# EXERCISE OBJECTIVE:
Search the entries below for "features". Report each line where it occurs.

# DATA EXCERPTS:
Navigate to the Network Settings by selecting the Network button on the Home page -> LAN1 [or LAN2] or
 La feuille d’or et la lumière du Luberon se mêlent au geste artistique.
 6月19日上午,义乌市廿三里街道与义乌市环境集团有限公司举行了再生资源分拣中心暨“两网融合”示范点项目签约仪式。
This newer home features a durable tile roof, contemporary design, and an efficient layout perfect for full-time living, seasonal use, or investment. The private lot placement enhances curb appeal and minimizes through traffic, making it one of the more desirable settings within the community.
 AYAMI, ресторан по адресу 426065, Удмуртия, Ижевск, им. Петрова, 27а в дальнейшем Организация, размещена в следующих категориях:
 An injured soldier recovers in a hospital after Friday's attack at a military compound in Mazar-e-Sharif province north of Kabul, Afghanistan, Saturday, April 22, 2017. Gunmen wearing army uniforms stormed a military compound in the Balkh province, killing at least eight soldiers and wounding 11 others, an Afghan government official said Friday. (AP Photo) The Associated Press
...
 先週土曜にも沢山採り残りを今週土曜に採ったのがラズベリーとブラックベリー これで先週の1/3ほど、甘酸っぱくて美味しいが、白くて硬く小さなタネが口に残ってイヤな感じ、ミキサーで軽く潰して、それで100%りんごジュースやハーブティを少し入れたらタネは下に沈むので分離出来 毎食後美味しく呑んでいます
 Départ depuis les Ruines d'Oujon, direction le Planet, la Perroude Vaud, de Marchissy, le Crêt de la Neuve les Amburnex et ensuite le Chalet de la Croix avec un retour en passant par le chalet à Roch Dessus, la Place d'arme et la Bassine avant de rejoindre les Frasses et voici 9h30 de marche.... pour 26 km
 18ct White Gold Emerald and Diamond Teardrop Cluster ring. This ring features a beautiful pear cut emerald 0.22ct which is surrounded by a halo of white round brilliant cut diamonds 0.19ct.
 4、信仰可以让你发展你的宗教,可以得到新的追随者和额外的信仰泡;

# SOLVED PROBLEM:
This newer home features a durable tile roof, contemporary design, and an efficient layout perfect for full-time living, seasonal use, or investment. The private lot placement enhances curb appeal and minimizes through traffic, making it one of the more desirable settings within the community.
 18ct White Gold Emerald and Diamond Teardrop Cluster ring. This ring features a beautiful pear cut emerald 0.22ct which is surrounded by a halo of white round brilliant cut diamonds 0.19ct.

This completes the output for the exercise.